The notion had been Ruby’s. His wife, he thought smugly, had considerable promise as a pirate queen.

“Not the cove,” she said. She leaned up and planted a kiss along his throat, then made a little humming noise as she rubbed her nose against his unshaven jaw. “Though I like that too. But no, I meant”—she wriggled in demonstration—“here. In your embrace.”

“Keep squirming like that,” he muttered, “and you’ll be in for something else.”

She grinned, and his heart leapt. It always did when she smiled at him like that. “Heavens,” she murmured. “Threats from the captain. Shall I be forced to walk the plank?”

“Bound to the mainmast, more like.”

“Goodness. Immobilized by a column of erected wood.” Her cheeks were pink with sunset, and her mouth was all mischief. “You sailors are positively depraved.”

He rolled her over in one swift move, and she laughed and pushed her fingers into his hair.

He kissed her hard and thoroughly, though it was difficult—no matter how much he wanted her—to make himself stop smiling.
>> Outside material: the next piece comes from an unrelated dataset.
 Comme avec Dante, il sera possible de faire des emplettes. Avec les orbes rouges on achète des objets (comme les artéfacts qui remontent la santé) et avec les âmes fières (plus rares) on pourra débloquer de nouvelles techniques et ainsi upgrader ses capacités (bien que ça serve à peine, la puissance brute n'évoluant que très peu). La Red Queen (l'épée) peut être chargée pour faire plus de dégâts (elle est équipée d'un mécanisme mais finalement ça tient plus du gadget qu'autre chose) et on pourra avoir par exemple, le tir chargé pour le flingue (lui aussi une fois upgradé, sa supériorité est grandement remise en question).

When he finally came up for air, Ruby’s face was a trifle more flushed than it had been. Her breath came quickly, and her skirts were rucked up high enough that he had a hand on her bare thigh.
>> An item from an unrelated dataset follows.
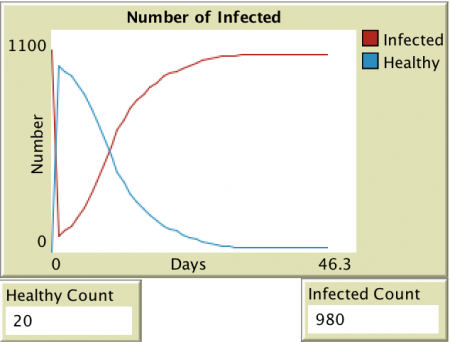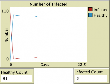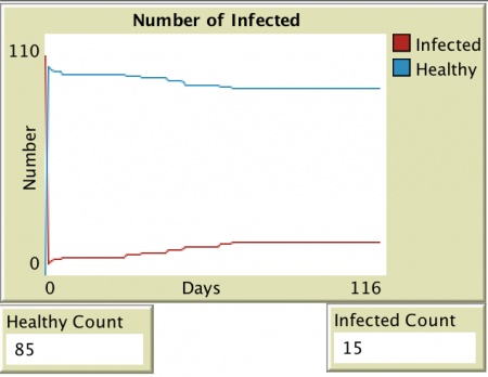 This case is similar to the first one with exception that there are only 100 humans, and there are only 5 patient zeros (5 %). There is 100% of infection, patients are contagious for 10 days, and there is no quarantine.

She was so delicious—so warm and edible and pretty, all painted with sunset oranges and lavenders—that he lost his breath for a moment, looking at her.

There was something about the sight of her here in the cove that never failed to make his blood run hot.

It had been in the cove that he’d told her he’d got the Delphinium back—and here too that she’d broken the news that her replicas had been featured in the Royal Archaeological Journal for their exceptional attention to historical detail.

He kept the memory of Ruby’s expression that day like an engraving in his heart: all stunned gratification and slow-blossoming smile. He thought of it whenever they were parted and resolved to make her smile like that again—always—for the rest of his life.

He was startled from his daydream by Ruby’s squeak of alarm.

“What?” he demanded. “What is it?”

He rolled off Ruby, ready to throw himself to his feet at any indication of the missing Verdura or marauding seals. When he landed, however, he was promptly made aware of what had caused Ruby’s surprise as his arse met half an inch of frigid ocean water.

“I believe,” Ruby said, rather primly for someone whose skirts were soaked and sandy, “that the tide is coming in.”

“Do you know,” he said, “I think you might be right.”

She was laughing again as he pulled her up to standing, as he dragged her deep into the shadows of the cove where he’d once stripped off her gloves and kissed her senseless.

He did it again. He kissed her until she was breathless, until the sun dipped below the horizon and the water splashed around their ankles.

“We should go back,” she murmured against his lips. “A few more minutes and we’ll be cut off from the house.”

He wrapped his arms tight around her. His heart was full of her too—overflowing with sweet, raw tenderness. She was the ocean and the tides, the moon and all the comets.

There was, in the end, one star that bound him fast—that held him steady at the wheel.

His Ruby. His truth north.

“Good,” he said. “Let the tide come. Everything I want is here.”